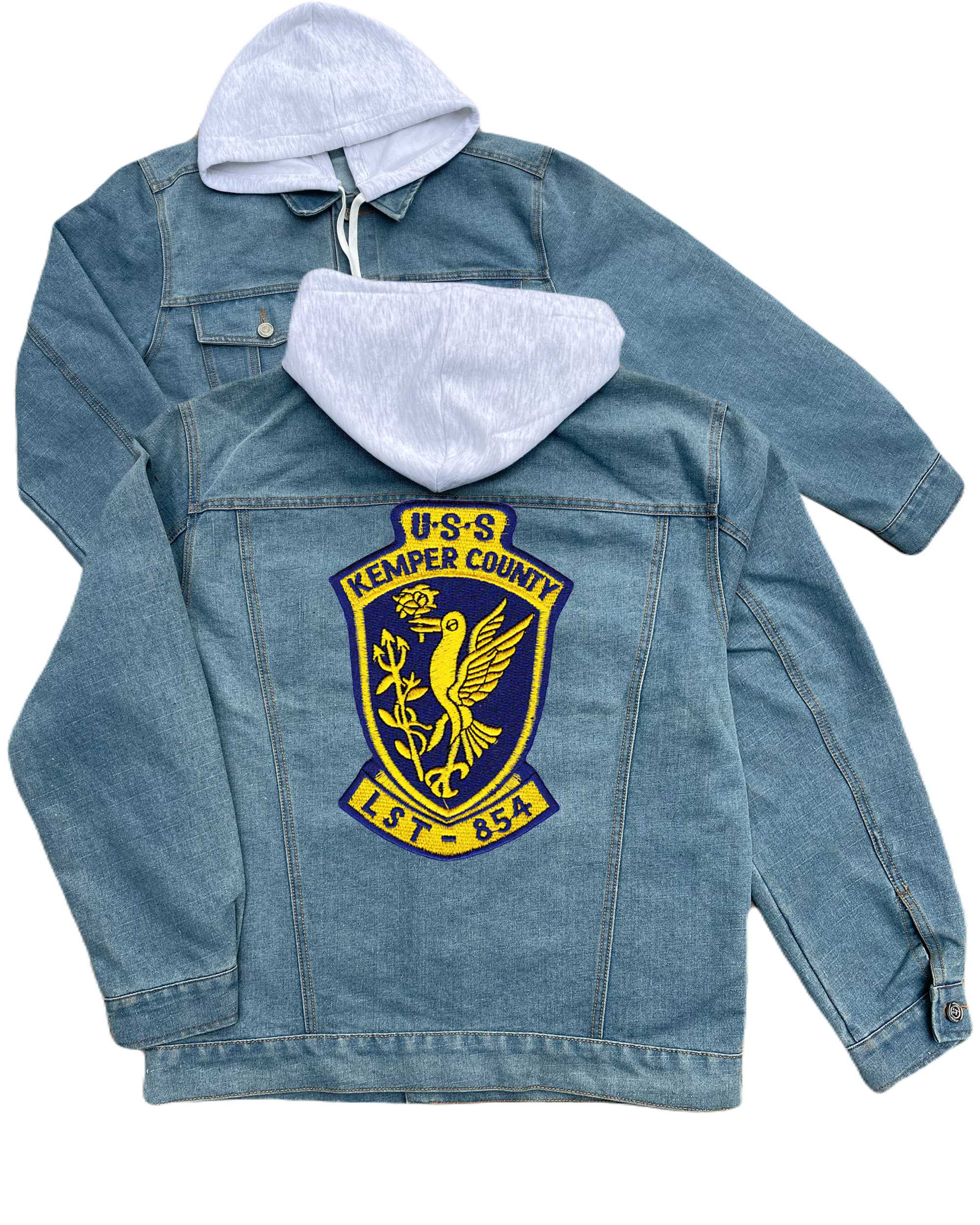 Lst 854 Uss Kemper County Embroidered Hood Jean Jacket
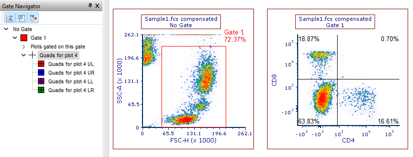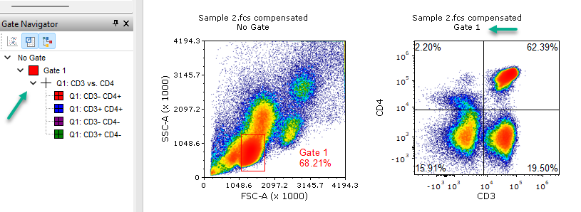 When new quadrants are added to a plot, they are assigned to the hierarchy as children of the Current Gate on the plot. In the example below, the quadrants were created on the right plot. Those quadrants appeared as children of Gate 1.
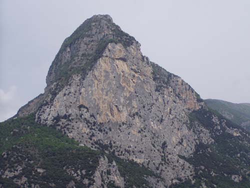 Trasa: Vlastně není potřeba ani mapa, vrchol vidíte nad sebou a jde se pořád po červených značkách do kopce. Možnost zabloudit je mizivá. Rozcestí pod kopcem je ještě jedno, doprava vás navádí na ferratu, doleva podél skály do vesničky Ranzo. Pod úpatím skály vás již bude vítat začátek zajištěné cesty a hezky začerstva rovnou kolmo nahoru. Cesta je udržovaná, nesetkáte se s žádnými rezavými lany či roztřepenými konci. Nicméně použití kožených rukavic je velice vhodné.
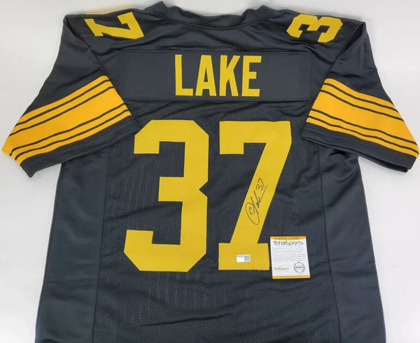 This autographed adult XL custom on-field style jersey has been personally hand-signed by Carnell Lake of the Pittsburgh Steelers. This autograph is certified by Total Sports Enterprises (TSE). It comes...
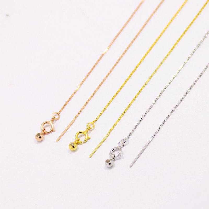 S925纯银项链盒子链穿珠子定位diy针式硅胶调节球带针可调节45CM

★ ★ ★ ★ ★ ★ ★

Could you print the listing above word for word, without its pictures?

Answer box
 Lst 854 Uss Kemper County Embroidered Hood Jean Jacket
 When new quadrants are added to a plot, they are assigned to the hierarchy as children of the Current Gate on the plot. In the example below, the quadrants were created on the right plot. Those quadrants appeared as children of Gate 1.
 Trasa: Vlastně není potřeba ani mapa, vrchol vidíte nad sebou a jde se pořád po červených značkách do kopce. Možnost zabloudit je mizivá. Rozcestí pod kopcem je ještě jedno, doprava vás navádí na ferratu, doleva podél skály do vesničky Ranzo. Pod úpatím skály vás již bude vítat začátek zajištěné cesty a hezky začerstva rovnou kolmo nahoru. Cesta je udržovaná, nesetkáte se s žádnými rezavými lany či roztřepenými konci. Nicméně použití kožených rukavic je velice vhodné.
 This autographed adult XL custom on-field style jersey has been personally hand-signed by Carnell Lake of the Pittsburgh Steelers. This autograph is certified by Total Sports Enterprises (TSE). It comes...
 S925纯银项链盒子链穿珠子定位diy针式硅胶调节球带针可调节45CM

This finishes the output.